Because the regular Kœnigs/Schröder function at one fixed point is often not analytic/a pole at the other fixed point.
Though we could have \(\lim_{z\to z_\infty} f^{-1}(c^t f(z)) = z_\infty \) for all t, the limit \(\lim_{z\to z_\infty} (f^{-1}\circ \ell_{c^t} \circ f)'(z) \) would be some other number for discrete t for those functions.
Quite mysterious I would say.
On the other hand if the fixed point derivations are not reciprocal, like with \(\exp_{\sqrt{2}}'(2) = \log(2)\) and \(\exp_{\sqrt{2}}'(4) = 2\log(2) \) then we can surely say that the regular iteration at one fixed point can not be the regular iteration at the other for all t (or just a continuous interval) because as Tommy pointed out: the superfunctions have different periods then.
This was largely my question. Can we find a Euclidean mapping (entire function) such that \(f(p_0) = p_0\) and \(f(p_1) = p_1\), such that \(f'(p_0) = 1/f'(p_1)\). And that additionally the orbits about a domain \(H\) of \(f\) tend to \(p_0\), and the orbits about a domain \(H\) of \(f^{-1}\) tend to \(p_1\).

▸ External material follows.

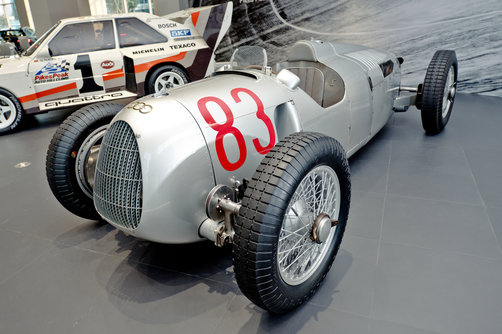 因此 Auto Union 又被稱作為銀箭車隊 (Silver Arrows);而主要的競爭對手則來自 Mercedes-Benz 團隊,直到世界第二次大戰於 1939 年爆發後,這項輝煌的賽車歷史才被停止。但他們肯定沒想到,之後銀箭車隊卻成為了Mercedes-Benz的代名詞了!Audi隨後再次出現賽車盛世的時候,那就是強大的quattro現身了!

I think this is possible, the trouble is, the fractional iterate will not be local about both fixed points. We can't fix a domain \(H\) which contains both fixed points. Even if \(H\) isn't simply connected, there should be a way to find a subdomain that is, that contains both fixed points--contradiction. This again would be my \(B(z)\) argument.
You're invariably getting \(p_1\) (\(p_0\)) to be on the boundary of the basin about \(p_0\) (\(p_1\)). The only way you have holomorphy at both is... if it's the Riemann sphere. Especially because we are making the coordinate change from \( f(z) \mapsto \lambda z\). And \(\lambda z\) technically has \(\infty\) (or \(0\)) at the boundary of the basin. But no holomorphic function on its basin is all of \(\mathbb{C}\), UNLESS it is \(\lambda z\).
This is deeply fascinating. We are definitely tapping the deep core of iteration right now, lmao.
EDIT: I've been devouring the Karlin Mcgregor paper, and I don't think we even need the extraneous paper you asked me to find. Karlin and Mcgregor prove a much more general result hidden as a result about real analysis. It specifically uses the term regular, and this should imply a domain about \([0,1]\) in the complex plane, but it includes \([0,1]\). I'll try to make a better write up of what I mean. But this is a much much better explanation of what I was trying to explain. MUCH MUCH better, lol.